Wednesday, October 17, 2018

Discoverability of Claims File Info in First Party Wage Loss Litigation


In the case of Neidich v. Progressive Advanced Ins. Co., No. 17-5375 (E.D. Pa. Aug. 22, 2018 Padova, J.), the court granted, in part, a Plaintiff’s Motion to Compel production of certain entries from the Defendant’s carrier’s claim file that the Defendant had maintained were protected by the attorney work product doctrine.    This case arose out of an automobile accident claim pertaining to a first party wage loss dispute.  

During the course of discovery, the Defendant carrier refused to produce certain materials from its insurance claims file, asserting that the materials were protected by the attorney work product doctrine.   In particular, at issue in this case were the mental impressions and opinions of the claims representative and the carrier’s reserve information.   The court was provided redacted and unredacted copies of the claims file, along with a privilege log, for an in-camera review of the file.  

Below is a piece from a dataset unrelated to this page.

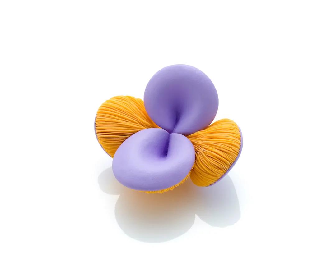 “我先是對(duì)蘑菇這一生物產(chǎn)生了好奇,我對(duì)蘑菇傘蓋之下相互交織的奇異美妙的形態(tài)著迷。生長(zhǎng)在狹小空間的蘑菇啟發(fā)了我創(chuàng)作以“增殖形象”為主題的珠寶。隨著我了解蘑菇在自然界中的生長(zhǎng)和作用,我對(duì)它們也越來(lái)越感興趣。我們離真菌如此之近,以至于我們甚至都沒(méi)有注意到它們。菌絲體,也可以看作是蘑菇的根,在我們腳下的地面上蔓延出難以想象的范圍。蘑菇,仍然是具有許多科學(xué)未解奧秘的實(shí)體,它在我的工作中占有重要地位,自從我成為首飾藝術(shù)家以來(lái),我便一直被蘑菇的特征影響并因此創(chuàng)作一系列的作品。”

The court reviewed the parameters of the work product doctrine as set forth under F. R.C.P. 26(b)(3).   Noted that the “temporal trigger for work product protection in this context is the ‘point in its investigation [when] an insurance company’s activity shifts from mere claims evaluation to an anticipation of litigation’.”   See Op. at 3 [citations omitted].  

The court more specifically stated that the party asserting work product protection must demonstrate that it subjectively anticipated litigation, and that the anticipation was objectively reasonable. Id. [citations omitted].  

One issue in this case was point at which it could be considered that the carrier reasonably anticipated litigation.   

In this matter, the carrier stated that it reasonably anticipated litigation when Plaintiff’s counsel contacted the carrier seeking “to discuss and avoid litigation.”   The carrier asserted that the disputed entries in the claims file made after that event should be protected by the work product privilege.  

However, the court in this matter stated that, a lawyer’s mere suggestion of a lawsuit is not enough to make a carrier reasonably anticipate litigation when the carrier’s evaluation of the claims is ongoing.   The court pointed to a case indicating that an insured’s attorney’s threat to file suit did not serve as the trigger for the work product doctrine.  As such, this argument by the carrier was rejected by this court.  

The carrier also argued, in the alternative, that the court should, at a minimum, extend a work product protection to the carrier’s reserve information.   The court in this matter rejected the carrier’s contention that reserves are to be treated as work product on a per se basis.   Accordingly, the court rejected the carrier’s argument that insurance reserves are always prepared in anticipation of litigation and are therefore always  protected as work product.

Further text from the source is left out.